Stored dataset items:
##########

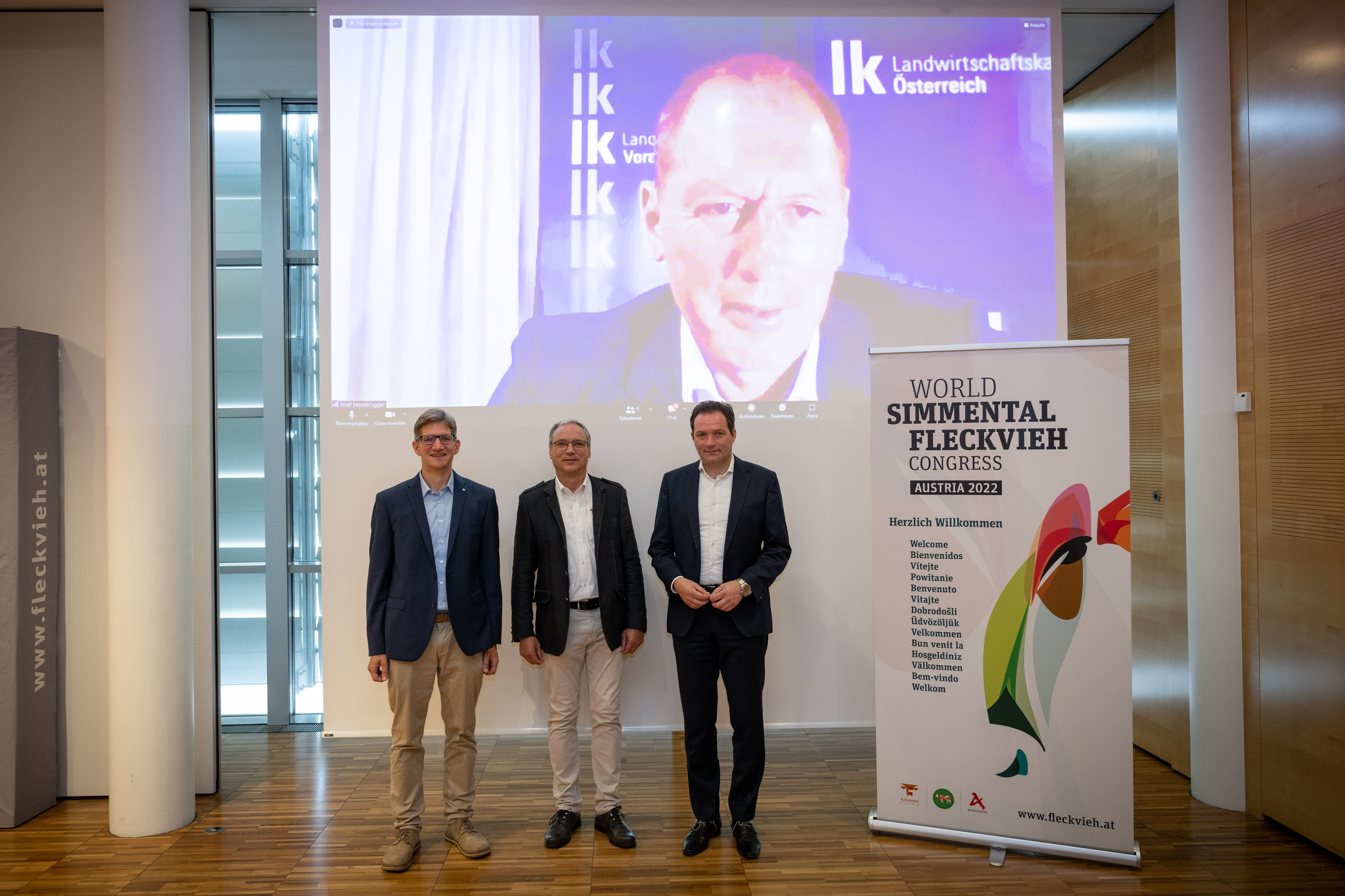 Nach mehr als 25 Jahren findet der Fleckvieh-Weltkongress wieder in Österreich statt. Zwischen 30. August und 8. September reisen dazu über 220 Rinderexpertinnen und -experten aus 30 Ländern an. Unter dem Motto „Fleckvieh Changes“ werden die ökologischen, wie auch ökonomischen Qualitäten dieser Rinderrasse, die für Nachhaltigkeit, Effizienz und Robustheit steht, umfassend erläutert. Im Vorfeld zum Fleckvieh-Kongress haben Landwirtschaftsminister Norbert Totschnig, LKÖ-Präsident Josef Moosbrugger, der Obmann von Fleckvieh Austria Sebastian Auernig und BOKU-Experte Stefan Hörtenhuber in einer gemeinsamen Pressekonferenz die Situation der heimischen Fleckvieh-Zucht skizziert.
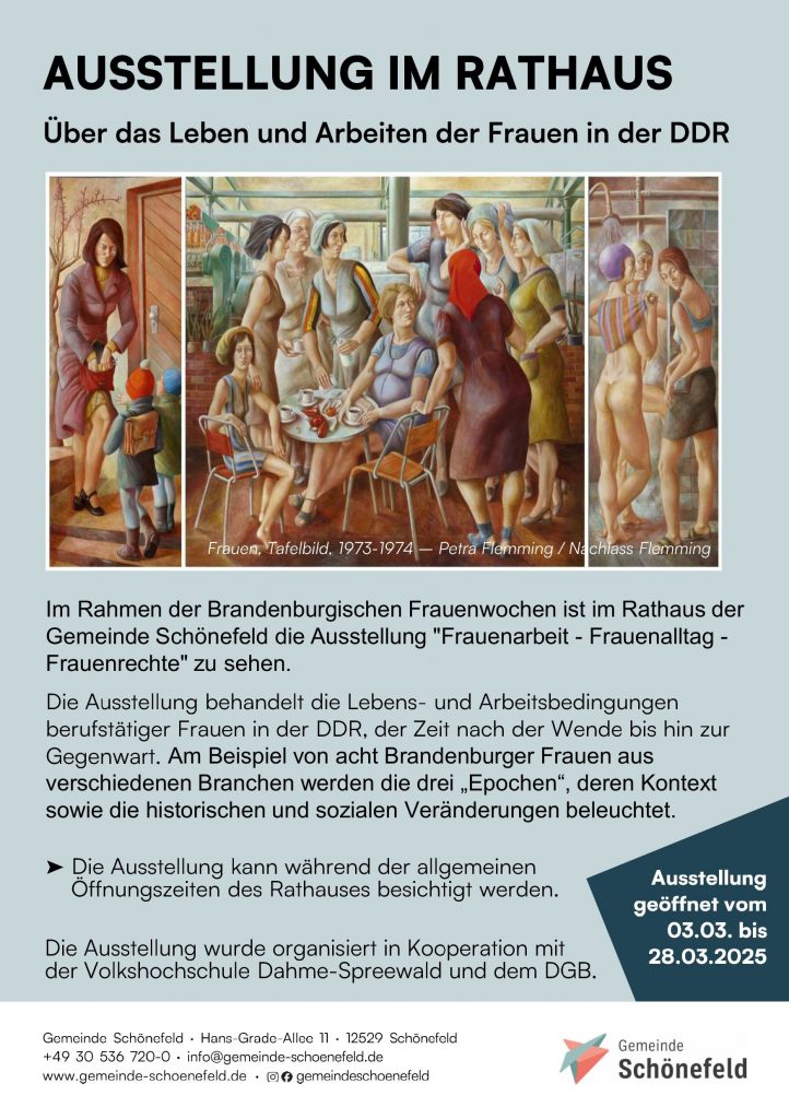 Die Ausstellung beleuchtet das Leben und die Arbeitsbedingungen von acht Brandenburger Zeitzeuginnen vor und nach der Wende bis zur Gegenwart.
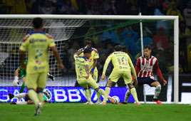 ◀ En la octava fecha de la Liga Mx, las Águilas doblegaron al Guadalajara en el clásico nacional. Brian Rodríguez (número 7 en la imagen) abrió el marcador, Diego Valdés anotó un doblete y Alejandro Zendejas cerró la cuenta ayer en el estadio Azteca. El Rebaño sólo tuvo contados remates a portería. Foto Afp
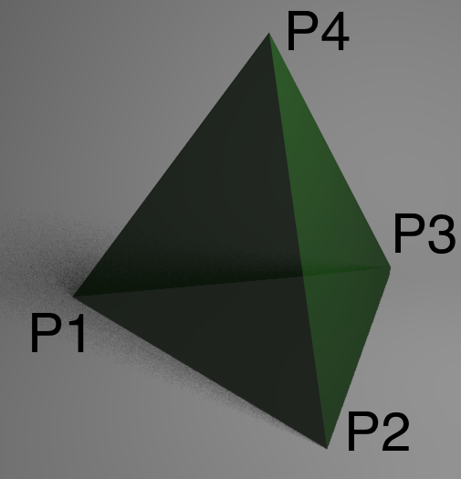 Enough theory, let’s take an example. Let’s see how a tetrahedron can be UV mapped. Basically what we are looking for is a way to go from 3D coordinates (the local mesh-coordinates: x,y,z) to 2D coordinates (u,v).
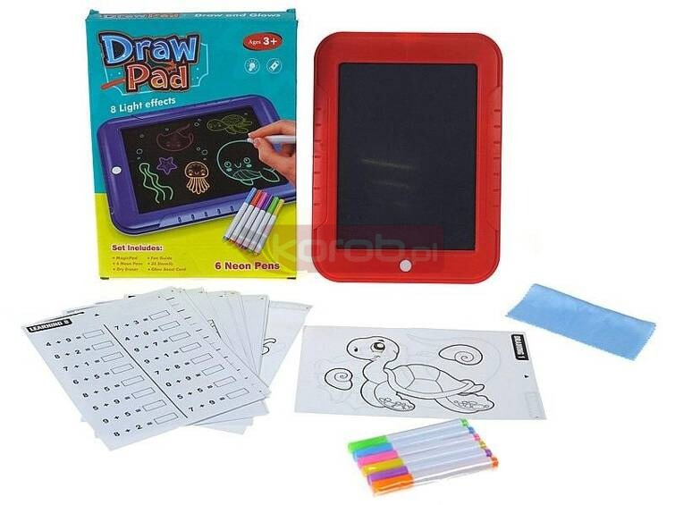 magiczna tablica, świecąca w ciemności, 30 szablonów, 6 neonowych flamastrów; 26x20x2,5cm, Box

##########

**Task requirements**
Transcribe every entry word for word, excluding images.

**Response to this task**
 Nach mehr als 25 Jahren findet der Fleckvieh-Weltkongress wieder in Österreich statt. Zwischen 30. August und 8. September reisen dazu über 220 Rinderexpertinnen und -experten aus 30 Ländern an. Unter dem Motto „Fleckvieh Changes“ werden die ökologischen, wie auch ökonomischen Qualitäten dieser Rinderrasse, die für Nachhaltigkeit, Effizienz und Robustheit steht, umfassend erläutert. Im Vorfeld zum Fleckvieh-Kongress haben Landwirtschaftsminister Norbert Totschnig, LKÖ-Präsident Josef Moosbrugger, der Obmann von Fleckvieh Austria Sebastian Auernig und BOKU-Experte Stefan Hörtenhuber in einer gemeinsamen Pressekonferenz die Situation der heimischen Fleckvieh-Zucht skizziert.
 Die Ausstellung beleuchtet das Leben und die Arbeitsbedingungen von acht Brandenburger Zeitzeuginnen vor und nach der Wende bis zur Gegenwart.
 ◀ En la octava fecha de la Liga Mx, las Águilas doblegaron al Guadalajara en el clásico nacional. Brian Rodríguez (número 7 en la imagen) abrió el marcador, Diego Valdés anotó un doblete y Alejandro Zendejas cerró la cuenta ayer en el estadio Azteca. El Rebaño sólo tuvo contados remates a portería. Foto Afp
 Enough theory, let’s take an example. Let’s see how a tetrahedron can be UV mapped. Basically what we are looking for is a way to go from 3D coordinates (the local mesh-coordinates: x,y,z) to 2D coordinates (u,v).
 magiczna tablica, świecąca w ciemności, 30 szablonów, 6 neonowych flamastrów; 26x20x2,5cm, Box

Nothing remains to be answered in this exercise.